J Pediatr Genet. 2020 Jul 27;10(4):331-334. doi: 10.1055/s-0040-1714363. eCollection 2021 Dec.
Alport's syndrome (AS) is a rare disorder characterized by a triad of deafness, progressive renal dysfunction, and ocular abnormalities. We presented a patient of early onset AS with a novel frameshift pathogenic variant in the and discuss the utility of genetic testing in the family as well as for the transplant recipient. The patient was a 17-year-old adolescent male with end-stage renal disease (ESRD) and hearing loss. In the setting of ESRD, since hearing loss and anterior lenticonus was detected on an ophthalmologic exam, AS was suspected. On genetic testing, a novel hemizygous frameshift variant was identified in the gene (c.1392del (p.Asp464GlufsTer10)), which was also segregated in the family. In this report, we discussed the early severe presentation, typical ocular findings, genotype-phenotype correlation, and implications of genetic testing for renal transplant. We also explored the challenges of genetic testing in developing countries and the potential of pharmacogenomics.

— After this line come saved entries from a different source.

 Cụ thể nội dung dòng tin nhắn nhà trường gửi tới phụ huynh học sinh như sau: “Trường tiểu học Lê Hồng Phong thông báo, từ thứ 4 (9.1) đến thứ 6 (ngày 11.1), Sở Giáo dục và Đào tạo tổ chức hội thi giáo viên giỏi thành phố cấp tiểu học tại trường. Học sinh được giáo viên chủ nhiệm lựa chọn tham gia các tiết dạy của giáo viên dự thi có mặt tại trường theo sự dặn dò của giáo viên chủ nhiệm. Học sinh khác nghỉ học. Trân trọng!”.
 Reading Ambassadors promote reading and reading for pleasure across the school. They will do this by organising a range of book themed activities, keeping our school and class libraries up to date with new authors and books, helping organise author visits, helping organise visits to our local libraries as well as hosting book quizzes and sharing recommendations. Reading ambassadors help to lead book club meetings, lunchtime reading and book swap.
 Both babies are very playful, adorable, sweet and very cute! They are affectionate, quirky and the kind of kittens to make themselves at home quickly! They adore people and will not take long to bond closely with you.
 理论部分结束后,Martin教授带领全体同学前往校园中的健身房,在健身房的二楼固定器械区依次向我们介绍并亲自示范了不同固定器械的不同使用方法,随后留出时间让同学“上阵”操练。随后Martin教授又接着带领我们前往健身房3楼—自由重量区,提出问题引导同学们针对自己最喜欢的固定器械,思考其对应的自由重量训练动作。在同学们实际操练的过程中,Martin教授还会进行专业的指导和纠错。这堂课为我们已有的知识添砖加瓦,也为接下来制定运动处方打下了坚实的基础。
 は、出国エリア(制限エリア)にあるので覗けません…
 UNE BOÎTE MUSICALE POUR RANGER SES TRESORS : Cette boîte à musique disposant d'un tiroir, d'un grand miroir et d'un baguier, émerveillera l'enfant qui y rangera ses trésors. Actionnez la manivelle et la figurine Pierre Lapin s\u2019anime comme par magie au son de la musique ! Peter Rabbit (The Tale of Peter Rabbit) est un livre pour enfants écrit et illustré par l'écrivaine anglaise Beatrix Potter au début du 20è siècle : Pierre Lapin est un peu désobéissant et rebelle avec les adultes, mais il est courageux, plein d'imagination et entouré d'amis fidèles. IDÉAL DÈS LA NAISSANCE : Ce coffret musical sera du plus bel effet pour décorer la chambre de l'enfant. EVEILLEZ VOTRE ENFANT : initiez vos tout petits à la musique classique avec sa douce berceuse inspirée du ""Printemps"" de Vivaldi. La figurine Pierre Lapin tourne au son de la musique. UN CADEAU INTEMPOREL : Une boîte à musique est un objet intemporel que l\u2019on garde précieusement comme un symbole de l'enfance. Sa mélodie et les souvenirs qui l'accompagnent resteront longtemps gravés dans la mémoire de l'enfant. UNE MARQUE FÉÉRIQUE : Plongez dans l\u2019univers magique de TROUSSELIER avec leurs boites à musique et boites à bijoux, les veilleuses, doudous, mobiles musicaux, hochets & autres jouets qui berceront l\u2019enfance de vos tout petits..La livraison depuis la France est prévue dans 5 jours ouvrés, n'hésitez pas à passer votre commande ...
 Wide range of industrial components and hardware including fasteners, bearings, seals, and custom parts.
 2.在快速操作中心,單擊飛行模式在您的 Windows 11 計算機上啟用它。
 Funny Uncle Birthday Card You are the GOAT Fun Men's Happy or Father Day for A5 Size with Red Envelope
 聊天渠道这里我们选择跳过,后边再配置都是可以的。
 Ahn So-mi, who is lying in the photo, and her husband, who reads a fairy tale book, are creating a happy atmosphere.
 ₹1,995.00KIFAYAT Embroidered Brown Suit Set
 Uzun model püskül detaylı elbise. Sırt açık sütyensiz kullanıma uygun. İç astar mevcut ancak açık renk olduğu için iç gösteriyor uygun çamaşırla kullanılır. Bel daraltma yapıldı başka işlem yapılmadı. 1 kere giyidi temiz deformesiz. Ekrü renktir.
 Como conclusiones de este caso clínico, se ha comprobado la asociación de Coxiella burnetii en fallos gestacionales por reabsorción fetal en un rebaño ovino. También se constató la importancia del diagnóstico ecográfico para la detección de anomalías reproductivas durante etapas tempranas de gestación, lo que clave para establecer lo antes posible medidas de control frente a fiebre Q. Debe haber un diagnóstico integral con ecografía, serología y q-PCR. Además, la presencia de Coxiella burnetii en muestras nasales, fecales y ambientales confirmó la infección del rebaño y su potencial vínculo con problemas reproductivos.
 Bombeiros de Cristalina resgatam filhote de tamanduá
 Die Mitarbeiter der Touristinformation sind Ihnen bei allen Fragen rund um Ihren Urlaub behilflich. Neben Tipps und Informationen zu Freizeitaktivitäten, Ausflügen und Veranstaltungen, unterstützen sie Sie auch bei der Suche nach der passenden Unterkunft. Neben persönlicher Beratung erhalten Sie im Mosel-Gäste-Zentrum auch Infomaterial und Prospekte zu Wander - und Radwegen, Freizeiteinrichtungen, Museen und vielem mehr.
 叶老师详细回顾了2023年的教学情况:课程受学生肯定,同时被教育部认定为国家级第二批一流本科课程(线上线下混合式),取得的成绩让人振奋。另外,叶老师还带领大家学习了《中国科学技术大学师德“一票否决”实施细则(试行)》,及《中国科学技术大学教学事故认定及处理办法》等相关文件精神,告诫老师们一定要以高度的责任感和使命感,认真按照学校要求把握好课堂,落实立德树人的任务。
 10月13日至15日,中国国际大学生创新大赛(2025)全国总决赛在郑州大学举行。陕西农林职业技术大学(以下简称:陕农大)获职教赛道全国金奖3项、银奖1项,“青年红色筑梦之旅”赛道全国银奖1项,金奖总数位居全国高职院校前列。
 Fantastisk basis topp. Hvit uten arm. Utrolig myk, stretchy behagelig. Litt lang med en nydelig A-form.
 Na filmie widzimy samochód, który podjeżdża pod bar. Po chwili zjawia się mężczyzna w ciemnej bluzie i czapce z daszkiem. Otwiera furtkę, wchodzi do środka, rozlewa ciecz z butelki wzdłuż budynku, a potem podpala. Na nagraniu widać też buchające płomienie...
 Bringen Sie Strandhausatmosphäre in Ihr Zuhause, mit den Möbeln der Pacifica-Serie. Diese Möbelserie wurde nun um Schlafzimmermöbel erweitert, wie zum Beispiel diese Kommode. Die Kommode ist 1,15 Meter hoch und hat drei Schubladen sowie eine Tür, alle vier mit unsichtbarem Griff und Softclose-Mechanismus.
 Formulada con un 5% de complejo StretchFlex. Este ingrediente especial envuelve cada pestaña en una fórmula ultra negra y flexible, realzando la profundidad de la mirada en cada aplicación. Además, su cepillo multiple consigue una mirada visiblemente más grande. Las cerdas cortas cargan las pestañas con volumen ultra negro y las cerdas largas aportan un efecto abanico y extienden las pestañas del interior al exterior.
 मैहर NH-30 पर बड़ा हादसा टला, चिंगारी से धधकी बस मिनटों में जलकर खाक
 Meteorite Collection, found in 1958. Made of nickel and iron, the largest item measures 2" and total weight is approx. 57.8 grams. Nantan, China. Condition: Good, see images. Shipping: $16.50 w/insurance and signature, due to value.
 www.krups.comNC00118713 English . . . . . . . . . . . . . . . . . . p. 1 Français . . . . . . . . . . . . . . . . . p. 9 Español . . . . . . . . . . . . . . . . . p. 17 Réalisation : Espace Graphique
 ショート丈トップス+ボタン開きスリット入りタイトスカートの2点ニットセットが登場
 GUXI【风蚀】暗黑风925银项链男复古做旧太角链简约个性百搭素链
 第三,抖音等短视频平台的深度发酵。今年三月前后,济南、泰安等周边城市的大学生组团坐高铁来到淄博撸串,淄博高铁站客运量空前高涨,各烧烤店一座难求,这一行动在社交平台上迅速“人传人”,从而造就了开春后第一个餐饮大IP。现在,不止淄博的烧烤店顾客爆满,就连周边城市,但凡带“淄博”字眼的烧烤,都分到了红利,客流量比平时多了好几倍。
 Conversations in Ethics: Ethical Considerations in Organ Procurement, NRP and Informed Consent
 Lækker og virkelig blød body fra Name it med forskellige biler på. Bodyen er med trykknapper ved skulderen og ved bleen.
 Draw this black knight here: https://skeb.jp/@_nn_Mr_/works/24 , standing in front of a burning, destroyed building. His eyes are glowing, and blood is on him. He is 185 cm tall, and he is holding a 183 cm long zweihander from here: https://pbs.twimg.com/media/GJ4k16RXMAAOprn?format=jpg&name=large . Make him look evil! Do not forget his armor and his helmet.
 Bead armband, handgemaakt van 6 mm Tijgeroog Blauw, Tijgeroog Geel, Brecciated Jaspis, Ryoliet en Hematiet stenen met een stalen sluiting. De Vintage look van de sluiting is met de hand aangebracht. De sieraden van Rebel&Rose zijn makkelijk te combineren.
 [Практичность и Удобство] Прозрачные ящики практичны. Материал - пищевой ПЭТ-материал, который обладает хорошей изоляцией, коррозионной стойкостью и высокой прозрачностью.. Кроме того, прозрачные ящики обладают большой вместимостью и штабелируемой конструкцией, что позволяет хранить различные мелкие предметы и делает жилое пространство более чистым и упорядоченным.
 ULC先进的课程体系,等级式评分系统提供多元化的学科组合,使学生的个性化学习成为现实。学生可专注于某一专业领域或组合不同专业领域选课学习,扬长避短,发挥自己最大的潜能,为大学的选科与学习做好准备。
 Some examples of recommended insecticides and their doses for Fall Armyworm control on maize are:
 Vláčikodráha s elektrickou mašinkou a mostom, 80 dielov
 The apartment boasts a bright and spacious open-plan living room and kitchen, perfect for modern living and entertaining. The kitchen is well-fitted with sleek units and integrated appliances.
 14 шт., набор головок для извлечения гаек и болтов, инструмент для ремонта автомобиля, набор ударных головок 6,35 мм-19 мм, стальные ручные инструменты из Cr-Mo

奥尔波特综合征(AS)是一种罕见疾病,其特征为耳聋、进行性肾功能不全和眼部异常三联征。我们报告了一名早发型AS患者,其[基因名称]存在一种新的移码致病性变异,并讨论了基因检测在该家族以及移植受者中的应用。该患者是一名17岁的青少年男性,患有终末期肾病(ESRD)和听力损失。在ESRD的情况下,由于眼科检查发现听力损失和前圆锥形晶状体,怀疑为AS。基因检测发现[基因名称]中存在一种新的半合子移码变异(c.1392del(p.Asp464GlufsTer10)),该变异也在家族中分离。在本报告中,我们讨论了早期严重表现、典型眼部发现、基因型-表型相关性以及基因检测对肾移植的影响。我们还探讨了发展中国家基因检测面临的挑战以及药物基因组学的潜力。